● **Task objective**
Output only the stretch of the listing that starts at the line containing "Красивый и вкусный" and ends at the line containing "재즈 피아니스트 다움의 두 번째 정규 앨범 [ADAPTATION] 공연", reproduced exactly with both ends.

● **Dataset records**
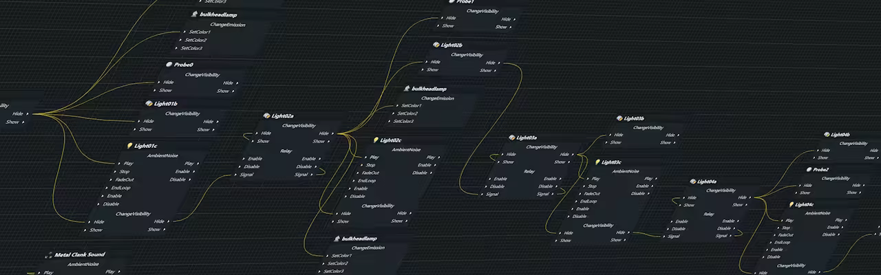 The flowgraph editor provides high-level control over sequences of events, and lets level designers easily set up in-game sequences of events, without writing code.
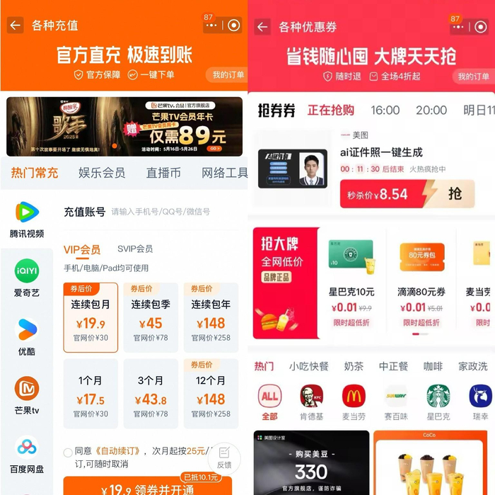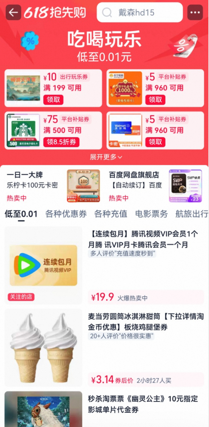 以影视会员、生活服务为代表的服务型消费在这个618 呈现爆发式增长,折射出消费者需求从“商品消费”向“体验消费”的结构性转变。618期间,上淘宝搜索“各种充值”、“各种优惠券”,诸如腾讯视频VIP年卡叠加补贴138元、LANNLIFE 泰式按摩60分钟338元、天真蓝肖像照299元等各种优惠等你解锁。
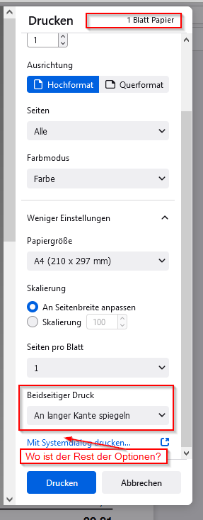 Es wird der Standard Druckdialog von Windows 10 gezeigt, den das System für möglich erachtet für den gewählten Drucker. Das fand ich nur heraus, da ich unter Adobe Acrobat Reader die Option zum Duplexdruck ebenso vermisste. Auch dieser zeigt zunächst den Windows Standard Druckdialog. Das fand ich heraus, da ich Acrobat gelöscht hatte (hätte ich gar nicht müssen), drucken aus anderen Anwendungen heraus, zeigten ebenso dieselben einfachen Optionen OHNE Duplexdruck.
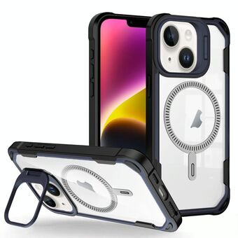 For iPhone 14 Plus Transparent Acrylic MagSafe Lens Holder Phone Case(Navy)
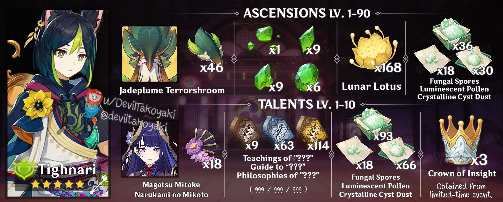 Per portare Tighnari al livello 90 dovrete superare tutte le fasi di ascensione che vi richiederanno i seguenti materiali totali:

==

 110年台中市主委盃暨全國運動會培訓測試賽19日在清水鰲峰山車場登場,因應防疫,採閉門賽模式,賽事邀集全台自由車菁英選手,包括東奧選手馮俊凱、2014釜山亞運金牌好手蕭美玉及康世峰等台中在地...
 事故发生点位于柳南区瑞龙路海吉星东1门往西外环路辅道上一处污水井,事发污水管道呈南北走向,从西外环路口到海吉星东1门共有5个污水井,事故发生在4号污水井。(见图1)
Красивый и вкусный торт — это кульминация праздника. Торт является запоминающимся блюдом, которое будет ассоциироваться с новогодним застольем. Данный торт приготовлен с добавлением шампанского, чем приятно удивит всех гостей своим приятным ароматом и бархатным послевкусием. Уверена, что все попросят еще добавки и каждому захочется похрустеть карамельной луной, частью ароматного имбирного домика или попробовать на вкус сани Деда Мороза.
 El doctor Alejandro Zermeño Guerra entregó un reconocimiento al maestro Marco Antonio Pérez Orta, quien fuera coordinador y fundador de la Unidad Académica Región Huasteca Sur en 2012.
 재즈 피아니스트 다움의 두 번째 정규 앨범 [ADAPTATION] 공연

● **Solution to the exercise**
Красивый и вкусный торт — это кульминация праздника. Торт является запоминающимся блюдом, которое будет ассоциироваться с новогодним застольем. Данный торт приготовлен с добавлением шампанского, чем приятно удивит всех гостей своим приятным ароматом и бархатным послевкусием. Уверена, что все попросят еще добавки и каждому захочется похрустеть карамельной луной, частью ароматного имбирного домика или попробовать на вкус сани Деда Мороза.
 El doctor Alejandro Zermeño Guerra entregó un reconocimiento al maestro Marco Antonio Pérez Orta, quien fuera coordinador y fundador de la Unidad Académica Región Huasteca Sur en 2012.
 재즈 피아니스트 다움의 두 번째 정규 앨범 [ADAPTATION] 공연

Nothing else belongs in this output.